(Stored items)

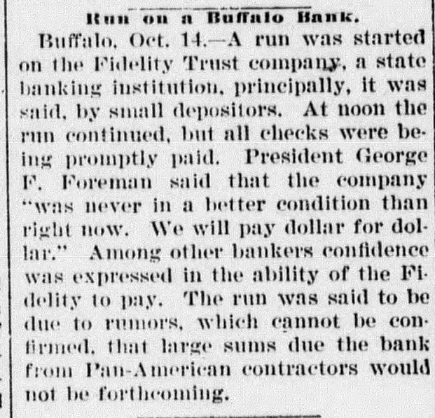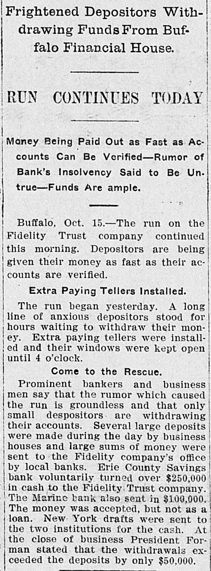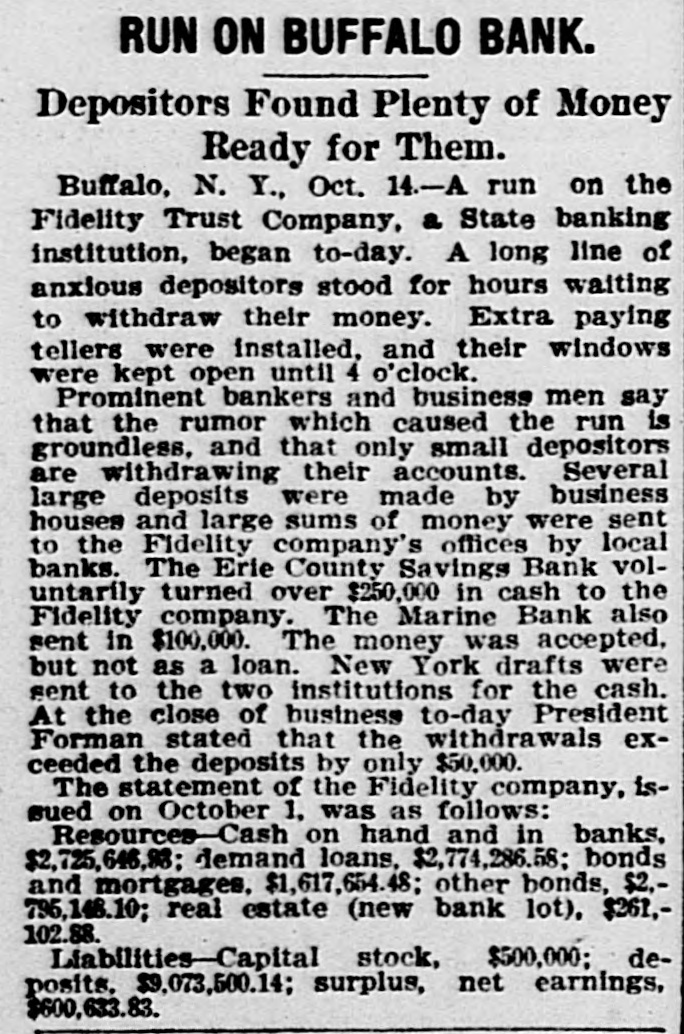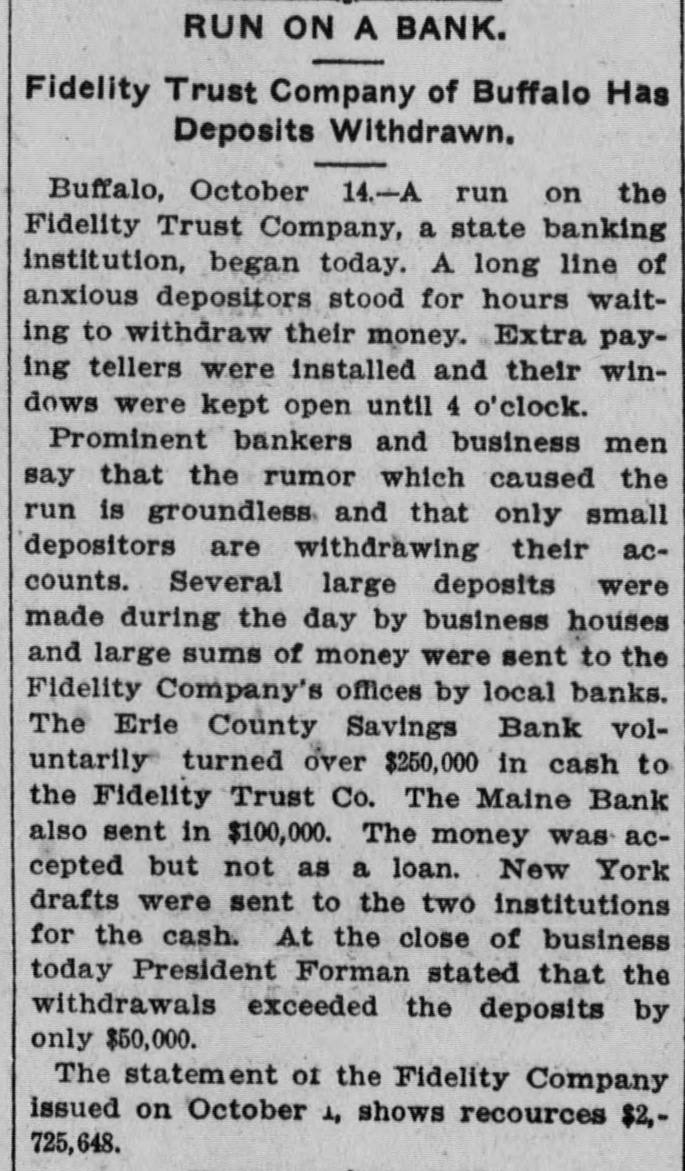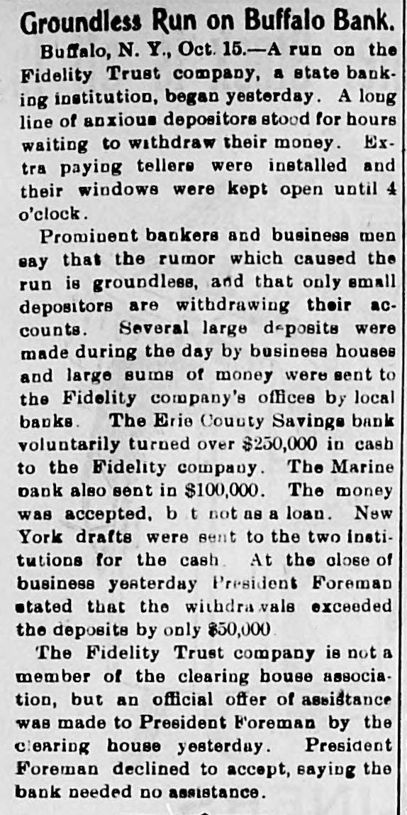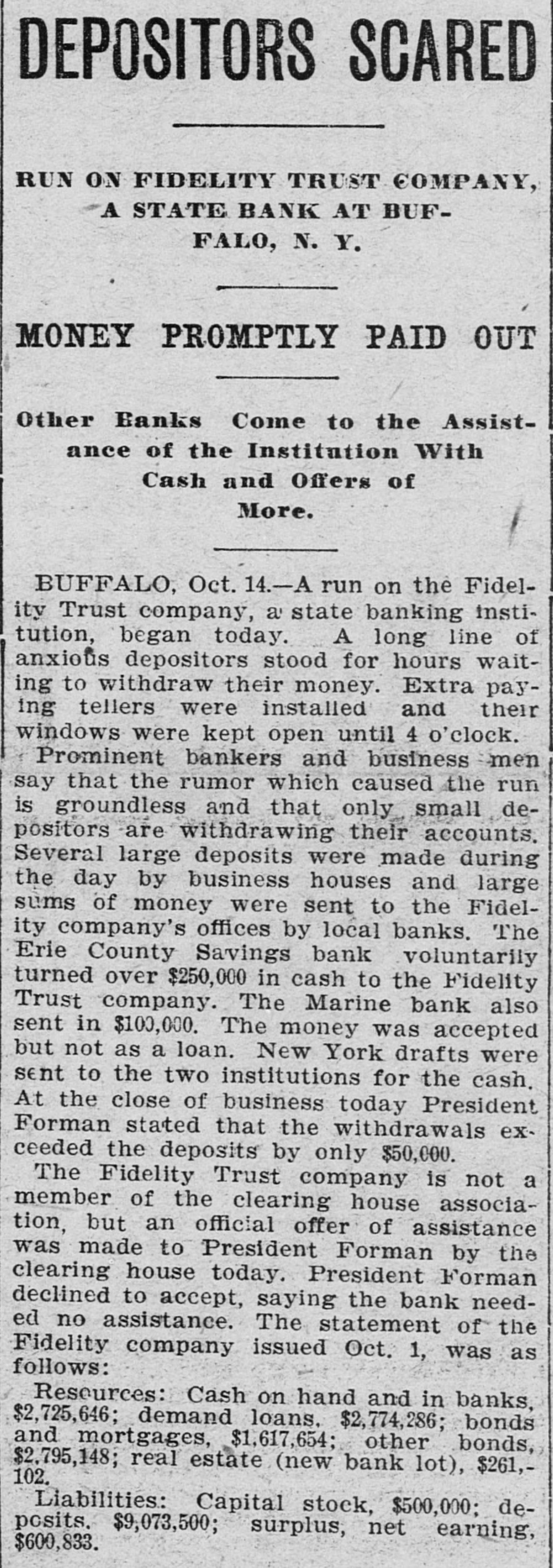 A run by small depositors on the Fidelity Trust company of Buffalo was met by the assistance of the banks of the city to such an extent as to cause the Fidelity company to stop it as they had enough.
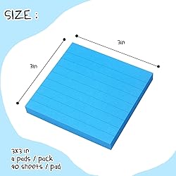 - Specifications: Quantity: 4 Pads/Pack, 90 sheets/pad Size: 3 x 3 inch 4 Bright Colors: Blue. Material: Paper. Package Include: 4 X Lined Sticky Notes.
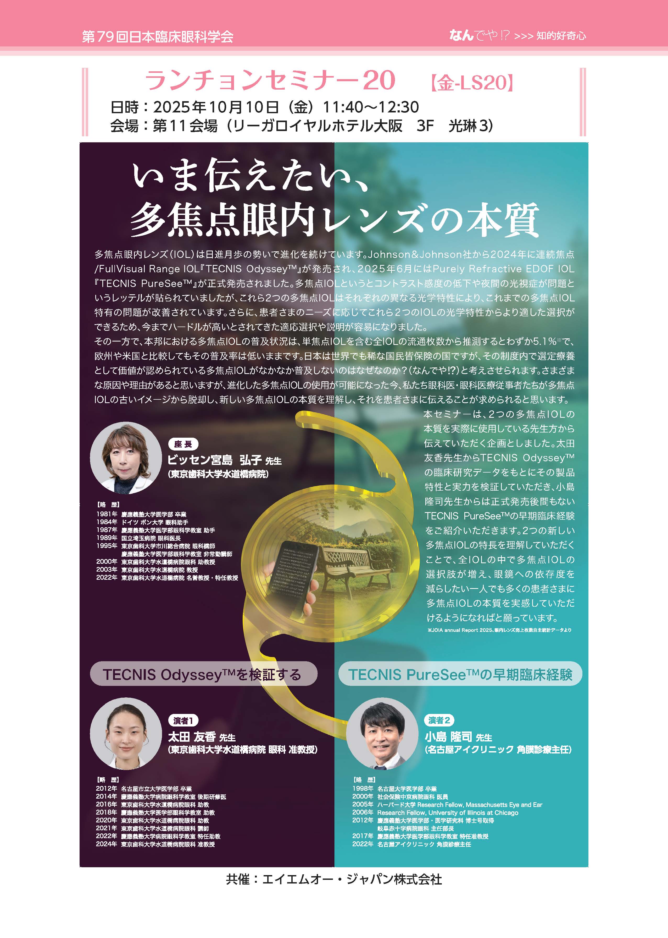 ランチョンセミナー 20 いま伝えたい、多焦点眼内レンズの本質 2025年10月10日(金) 11:40 - 12:30 第11会場 | リーガロイヤルホテル大阪 3F 光琳3 共催:エイエムオー・ジャパン株式会社 |
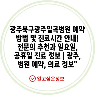 ✅ 광주일곡병원의 예약 방법과 진료시간을 지금 바로 확인해보세요!
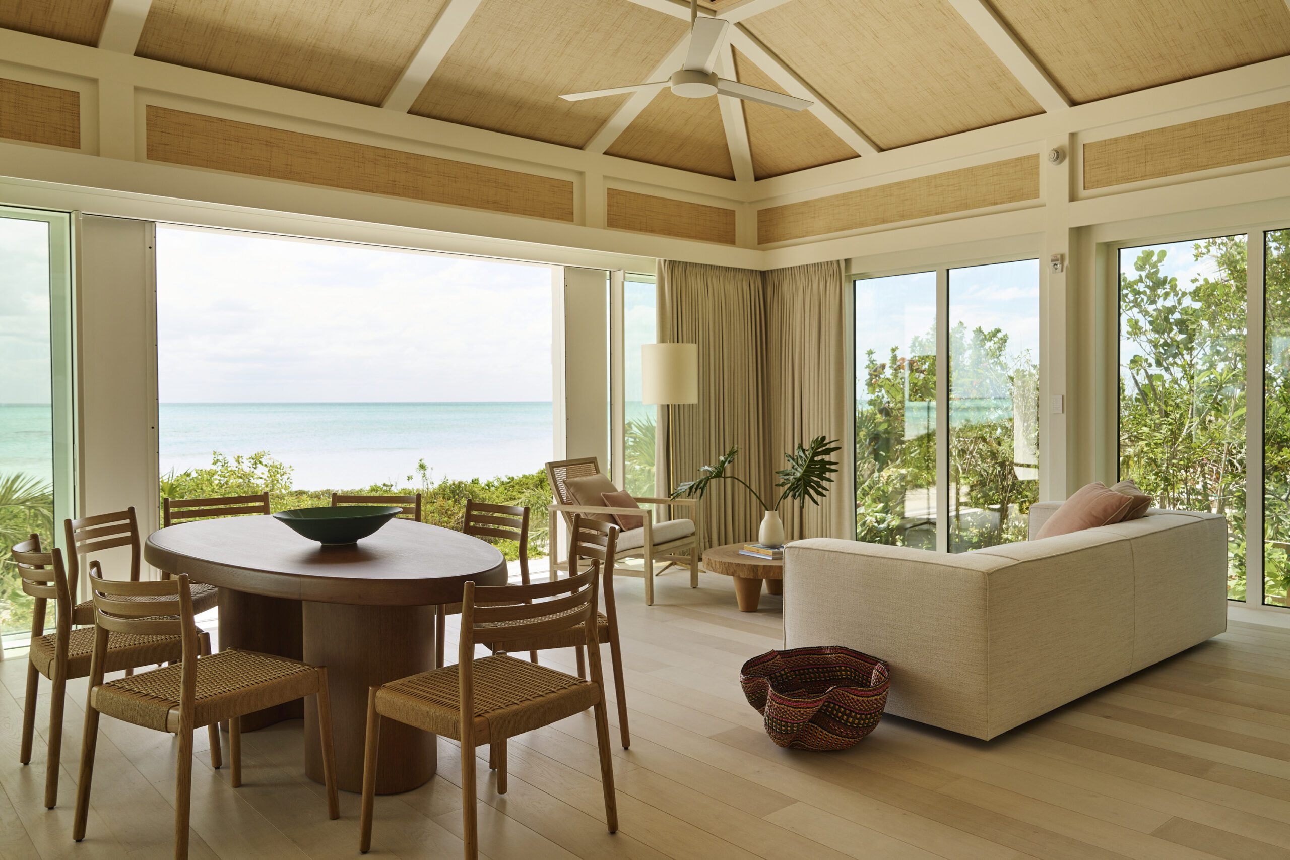 Located on the Whale Tail’s pristine shorelines, the One Bedroom Villa is composed of a Primary Bedroom Bungalow connected to a Living Pavilion, with features including an open- plan kitchen, dining space, and living area, all facing the ocean. Centered around a porch with direct views to the sea, dining and lounge space for up to ten guests makes this Villa ideal for entertaining, and additional accommodations may be reserved in the Bungalows just a short walk down the beach.
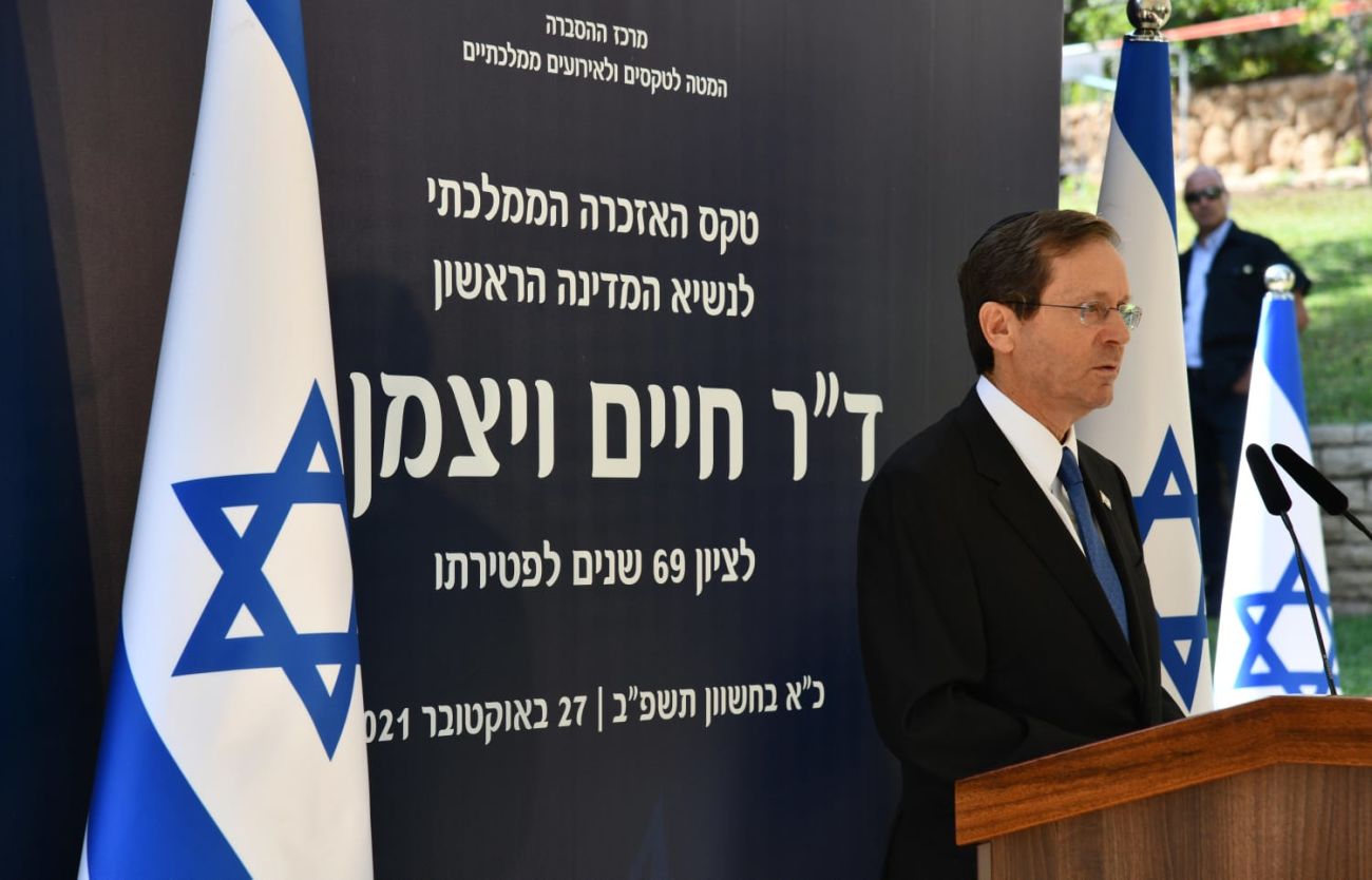נשיא המדינה יצחק הרצוג נשא דברים היום יום רביעי, כ"א בחשוון, 27 באוקטובר, בטקס האזכרה הממלכתי לנשיאה הראשון של מדינת ישראל ד"ר חיים ויצמן ז"ל, במלאות 69 שנים לפטירתו. הטקס התקיים באחוזת ויצמן ברחובות למרגלות קברו. בטקס השתתפו יושב ראש הכנסת מיקי לוי, שופטת בית המשפט העליון דפנה ארז ברק, משפחת ויצמן וסגן נשיא מכון ויצמן למדע פרופ' זיו רייך.
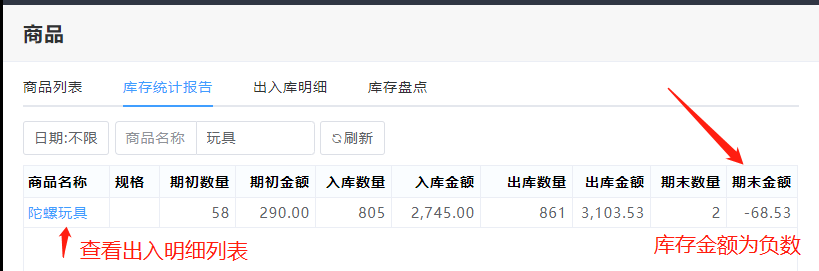 店铺通系统的成本,如果是负库存出库,将会出现库存统计时,数量为正,库存金额为负的情况
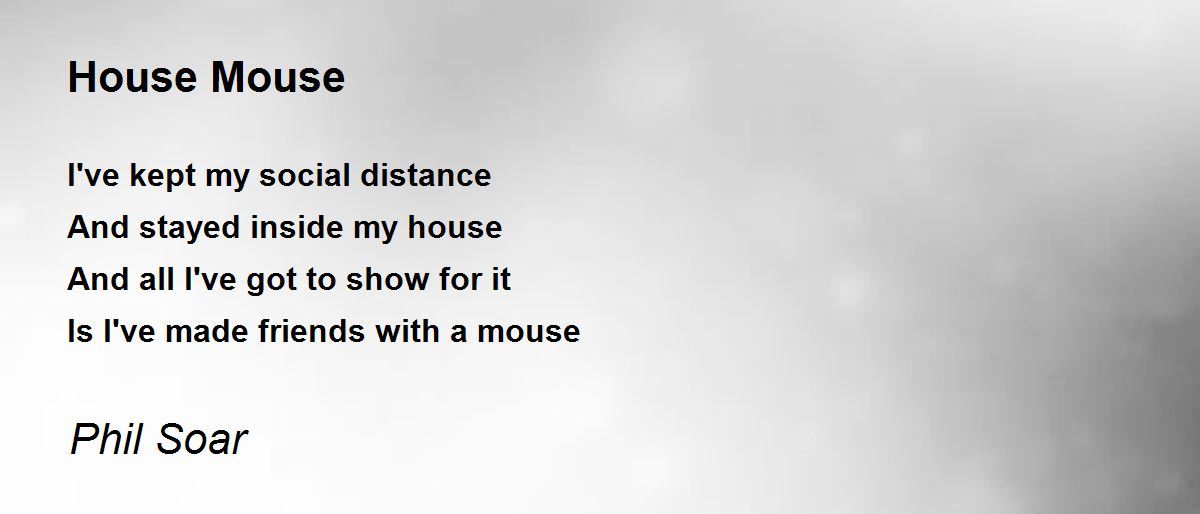 I've kept my social distance And stayed inside my house And all I've got to show for it Is I've made friends with a mouse
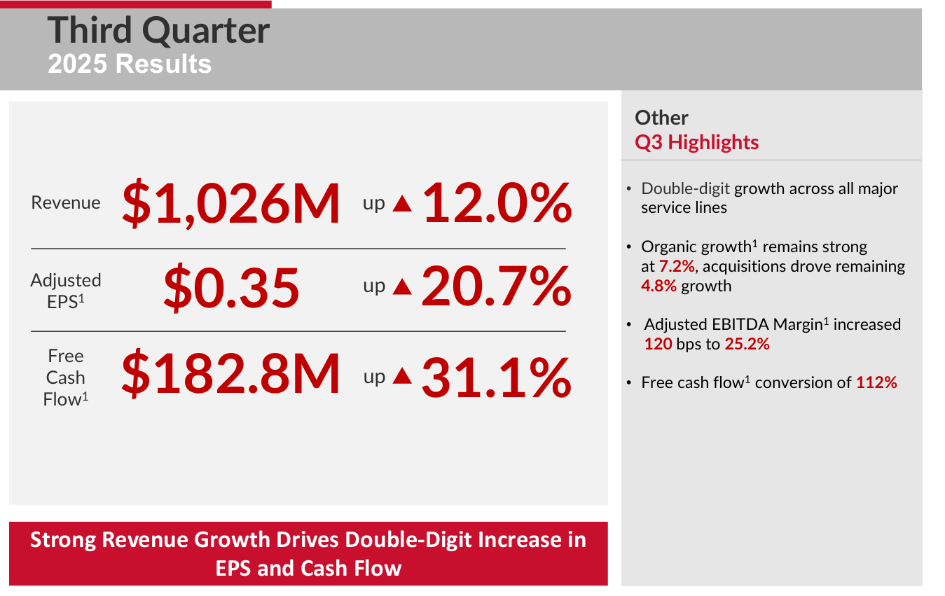 The company earned $1.03B in revenue in its Q3 25, which was 12% higher than the same quarter last year. Organic growth accounted for 7.2% of that increase while the rest came from acquisitions.
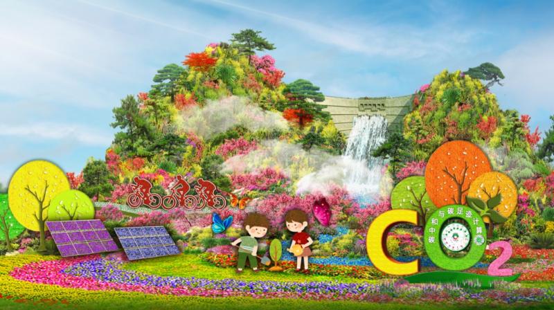 西单东南角主题花坛为“绿色发展”,花坛顶高9.5米,通过百花齐放春满园的场景,配以白鹤滩水电站、太阳能板、骑行的人、植树的儿童、碳中和计算互动装置等,展示出通过提升林业碳汇,助力实现碳中和,同时展望绿色发展的美好明天。

EXERCISE:
Set down every entry exactly as it appears, but skip the pictures.

TASK RESULT:
 A run by small depositors on the Fidelity Trust company of Buffalo was met by the assistance of the banks of the city to such an extent as to cause the Fidelity company to stop it as they had enough.
 - Specifications: Quantity: 4 Pads/Pack, 90 sheets/pad Size: 3 x 3 inch 4 Bright Colors: Blue. Material: Paper. Package Include: 4 X Lined Sticky Notes.
 ランチョンセミナー 20 いま伝えたい、多焦点眼内レンズの本質 2025年10月10日(金) 11:40 - 12:30 第11会場 | リーガロイヤルホテル大阪 3F 光琳3 共催:エイエムオー・ジャパン株式会社 |
 ✅ 광주일곡병원의 예약 방법과 진료시간을 지금 바로 확인해보세요!
 Located on the Whale Tail’s pristine shorelines, the One Bedroom Villa is composed of a Primary Bedroom Bungalow connected to a Living Pavilion, with features including an open- plan kitchen, dining space, and living area, all facing the ocean. Centered around a porch with direct views to the sea, dining and lounge space for up to ten guests makes this Villa ideal for entertaining, and additional accommodations may be reserved in the Bungalows just a short walk down the beach.
נשיא המדינה יצחק הרצוג נשא דברים היום יום רביעי, כ"א בחשוון, 27 באוקטובר, בטקס האזכרה הממלכתי לנשיאה הראשון של מדינת ישראל ד"ר חיים ויצמן ז"ל, במלאות 69 שנים לפטירתו. הטקס התקיים באחוזת ויצמן ברחובות למרגלות קברו. בטקס השתתפו יושב ראש הכנסת מיקי לוי, שופטת בית המשפט העליון דפנה ארז ברק, משפחת ויצמן וסגן נשיא מכון ויצמן למדע פרופ' זיו רייך.
 店铺通系统的成本,如果是负库存出库,将会出现库存统计时,数量为正,库存金额为负的情况
 I've kept my social distance And stayed inside my house And all I've got to show for it Is I've made friends with a mouse
 The company earned $1.03B in revenue in its Q3 25, which was 12% higher than the same quarter last year. Organic growth accounted for 7.2% of that increase while the rest came from acquisitions.
 西单东南角主题花坛为“绿色发展”,花坛顶高9.5米,通过百花齐放春满园的场景,配以白鹤滩水电站、太阳能板、骑行的人、植树的儿童、碳中和计算互动装置等,展示出通过提升林业碳汇,助力实现碳中和,同时展望绿色发展的美好明天。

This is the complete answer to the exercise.